**Information provided:**
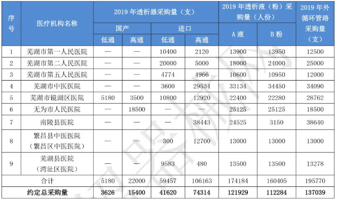 根据《意见稿》,芜湖市所有公立医疗机构将对血透类医用耗材中透析器、透析液(粉)、体外循环血路三个品种进行带量采购,采购量不低于全市公立医疗机构上年度同期该产品采购量的70%(2019年度具体采购量如下),总计506211支,采购周期为2年。
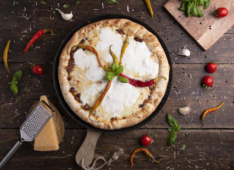 Töltött szél, cheddar sajtszósz alap, csirkemell kocka, jalapeno, bacon kocka, mozzarella sajt
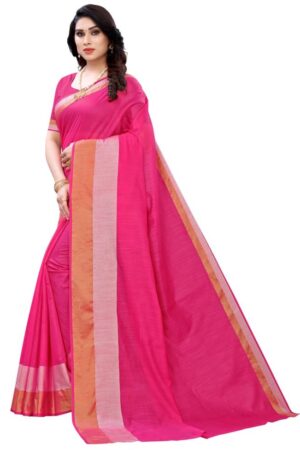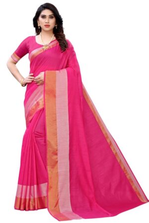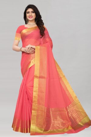 Pink Coloured Poly Cotton Self Woven Casual saree

**Task goal:**
Here the lines from the one containing "Töltött szél, cheddar" through the end of the material are to be copied exactly, with the pictures omitted.

**Completed task:**
 Töltött szél, cheddar sajtszósz alap, csirkemell kocka, jalapeno, bacon kocka, mozzarella sajt
 Pink Coloured Poly Cotton Self Woven Casual saree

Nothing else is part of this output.